Bu arada Suriyeliler konusuna giriyor.
-“Biz nasıl Hollanda’ya yerleşmişsek Suriyeliler de Türkiye’de
yerleşebilir. Ancak?”
Sayıyor, sayıyor.
Saydıkları gördüğümüz şeyler. Ama bir şey söylüyor ki yazılmaya değer:
Hollanda’ya bir saldırı olsa. Türkiye’ye kaçmayı düşünmeyeceğini 40 yıl
kaldığı ikinci yurdunu savunacağını ekliyor.
Burada Suriyeli gençlerin yurtlarını savunmamalarını, özgürlükleri için
savaşmamalarını eleştirmiş olmuyor mu?
Yol biter Tamer’in sözleri bitmez. Bir ara telefon numarasını öğrenmek
istedim…
Bu kez o mu sayfa
çevirdi; anlamadım tam.
-“Hep ben konuştum. Sana bir soru.” dedi.” Bu anda ne isterdin? Tek
kelimeyle…
Ben de eşimin vefatı dolayısıyla yaşadığım travmanın etkisinde olduğumu;
onun için bir şey söyleyemeyeceğimi belirttim.
-“Ben olsam, “eşim” derdim.” dedi. Sonra ekledi “Senin sözlerin de oraya
gider…
Eşimin öldüğünü söylemiştim. İki sene önce onunla birlikte Kuzuluk’taki
devre mülkümüzde olduğumuzu da eklemiştim.
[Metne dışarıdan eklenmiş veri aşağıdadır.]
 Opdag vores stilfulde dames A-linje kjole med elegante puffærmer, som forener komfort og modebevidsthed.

Devre mülkün adresini aldı hafızasına. Ama hâlâ gelmedi. Bulamadı mı yoksa?
Kendisi eşinden 10 yaş
büyük. Eşi daha önce ölmek istediğini söyledi. O da “Ben 10 yaş büyüğüm; ben
öleyim önce” demiş. Bu arada eşimle birlikte yaptığımız peygamberimizin duasını
hatırlattım. Peygamberimizle (sav) Validemiz Hz. Ayşe dualarında “Allah beni
sensiz bırakmasın…”
-“Bu güzel sözü yazdım.” dedi.
Anlaşılan hafızasına az da olsa kısa ve öz sözleri yazıyor.
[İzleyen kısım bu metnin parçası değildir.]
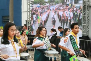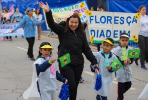 Na sequência, foi a vez da apresentação e desfile de 48 escolas municipais, seis escolas estaduais e uma escola particular, algumas delas trazendo suas fanfarras. As crianças dos ensinos iniciais garantiram a alegria em cada passagem pela avenida.

Gezdiği ülkelerden ana hatlarıyla söz etmesi, yalnız önemli yerlerin
fotoğraflarını çekmesi de ilginç. Öyle ya benim gibi ayrıntıya girse
ansiklopediler yazılır.
Tamer’in gezi planında Japonya var. Dikkatimi çekti; gideceği ülke hakkında
ön bilgi alıyor.
Akyazı’ya geldik.
Tokalaştık. İnerken devre mülkün adresini kısaltarak tekrarladı. İnerken de
hafızasının sırrını açıklamış oldu.
Çokları indi otobüsten. Kuzuluk’a gidecek birkaç kişi kaldık. Bu birkaç
kişi nasıl karşılaştırmış bizi acaba?
Biri yaşlı- Biri orta yaşlı.
Biri sessiz- Biri konuşkan.
Biri hiç gezmeyen- Biri gezmeden durmayan.
Biri emekli maaşı ile geçinen. - Biri, ailesinin her ferdi para kazanan.
Biri kitap okuyan-Biri gezdiği yerleri okuyan.
Kısaca eksi ve artı kutuplar.
(…)
Bazen aklıma olmayacak şeyler gelir. Nedense pil geldi aklıma. Pilin artı ve eksi kutupları var. Elektronik araçların ve en basitinden el fenerinin çalıştırılmasında pilden yararlanılabilir.
Fenerlerine, sözünü ettiğim pili koyabilenler etrafını da aydınlatabilir
diye düşünüyorum.
Şu veya bu şekilde
aydınlananların çeşitli korkularla aydınlatmamaları Türkiye’mizin derdi. Buna
siz, kanseri diyebilirsiniz.
Tamer, eminim ki böyle kapalı konuşmaları, yazmaları sevmez. Tamer ne
pahasına olursa olsun A’dan Z’ye eksiklerimizi karşılaştırmalı olarak
sergilerdi.
Çerkez Tamer bir öykü, bir senaryo konusu olurdu. Çok da güzel olurdu. Ama
onun üzerinden fikir üretmeye çalışmam iyi olmuyor. Benim zaafım da bu.
Zaaflarımızı teşhis etmek önemlidir kuşkusuz. Ama teşhis sonrası ne
yapmamız gerektiği hususunda bizleri bilgilendirebilenlere, liyakatli
yöneticilere ihtiyacımız olduğu da bir gerçektir.